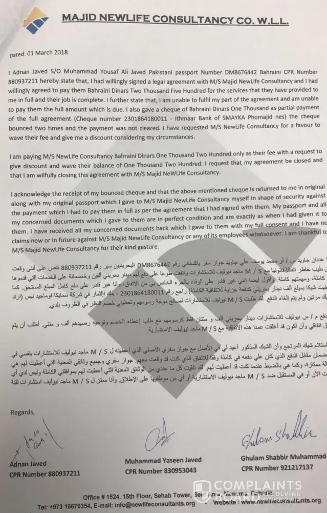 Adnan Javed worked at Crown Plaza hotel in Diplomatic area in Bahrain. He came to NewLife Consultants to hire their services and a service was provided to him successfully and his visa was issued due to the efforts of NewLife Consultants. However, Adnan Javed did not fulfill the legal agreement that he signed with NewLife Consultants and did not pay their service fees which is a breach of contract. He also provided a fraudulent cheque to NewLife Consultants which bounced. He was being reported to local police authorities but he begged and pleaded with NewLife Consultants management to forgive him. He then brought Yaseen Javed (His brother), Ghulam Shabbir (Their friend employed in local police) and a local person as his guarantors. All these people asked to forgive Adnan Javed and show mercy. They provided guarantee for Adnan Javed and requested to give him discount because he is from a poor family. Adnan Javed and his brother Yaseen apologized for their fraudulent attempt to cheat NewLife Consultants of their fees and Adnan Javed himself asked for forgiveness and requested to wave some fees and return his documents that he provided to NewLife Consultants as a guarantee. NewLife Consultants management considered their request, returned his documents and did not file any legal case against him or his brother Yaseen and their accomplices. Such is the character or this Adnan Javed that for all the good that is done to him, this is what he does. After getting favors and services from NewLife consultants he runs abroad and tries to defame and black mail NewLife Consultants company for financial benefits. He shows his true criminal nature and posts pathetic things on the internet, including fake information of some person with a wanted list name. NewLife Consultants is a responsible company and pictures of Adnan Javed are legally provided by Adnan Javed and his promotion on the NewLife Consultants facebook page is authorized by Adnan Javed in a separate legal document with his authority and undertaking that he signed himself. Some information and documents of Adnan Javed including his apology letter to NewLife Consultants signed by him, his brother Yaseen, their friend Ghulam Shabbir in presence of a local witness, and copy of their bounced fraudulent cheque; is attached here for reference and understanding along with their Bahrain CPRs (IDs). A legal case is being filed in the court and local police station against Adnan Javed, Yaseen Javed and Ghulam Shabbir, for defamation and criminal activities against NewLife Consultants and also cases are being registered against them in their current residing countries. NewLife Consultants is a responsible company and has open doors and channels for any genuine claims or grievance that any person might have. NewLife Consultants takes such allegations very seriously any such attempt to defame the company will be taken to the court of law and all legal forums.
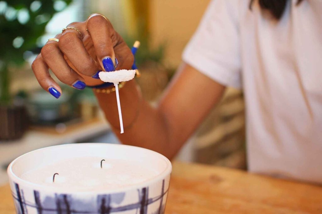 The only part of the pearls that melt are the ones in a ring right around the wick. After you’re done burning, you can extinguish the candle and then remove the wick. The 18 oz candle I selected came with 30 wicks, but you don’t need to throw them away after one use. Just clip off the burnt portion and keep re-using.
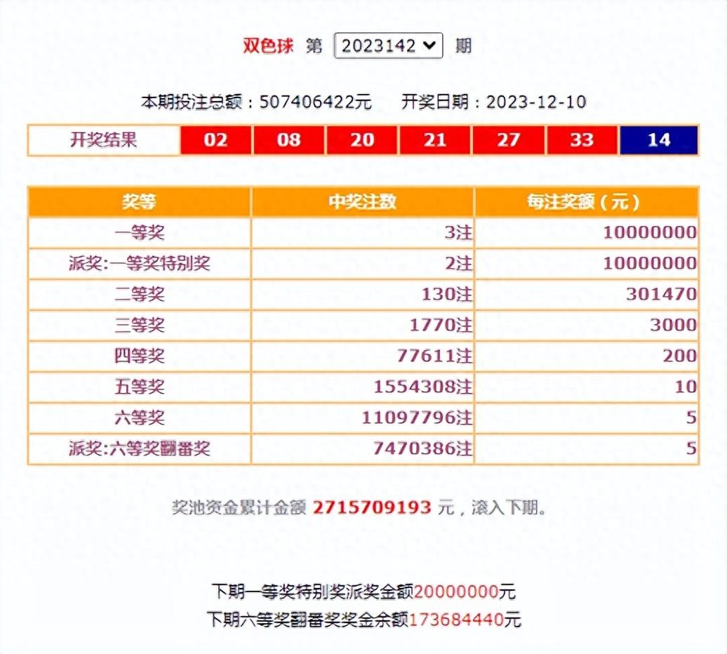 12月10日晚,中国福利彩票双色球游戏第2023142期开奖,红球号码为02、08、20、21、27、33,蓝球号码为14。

■ **To do**: Beginning with the line that bears "The only part", output each line through the last line of the listing exactly, and no others; skip the pictures.

■ **Response area**:
 The only part of the pearls that melt are the ones in a ring right around the wick. After you’re done burning, you can extinguish the candle and then remove the wick. The 18 oz candle I selected came with 30 wicks, but you don’t need to throw them away after one use. Just clip off the burnt portion and keep re-using.
 12月10日晚,中国福利彩票双色球游戏第2023142期开奖,红球号码为02、08、20、21、27、33,蓝球号码为14。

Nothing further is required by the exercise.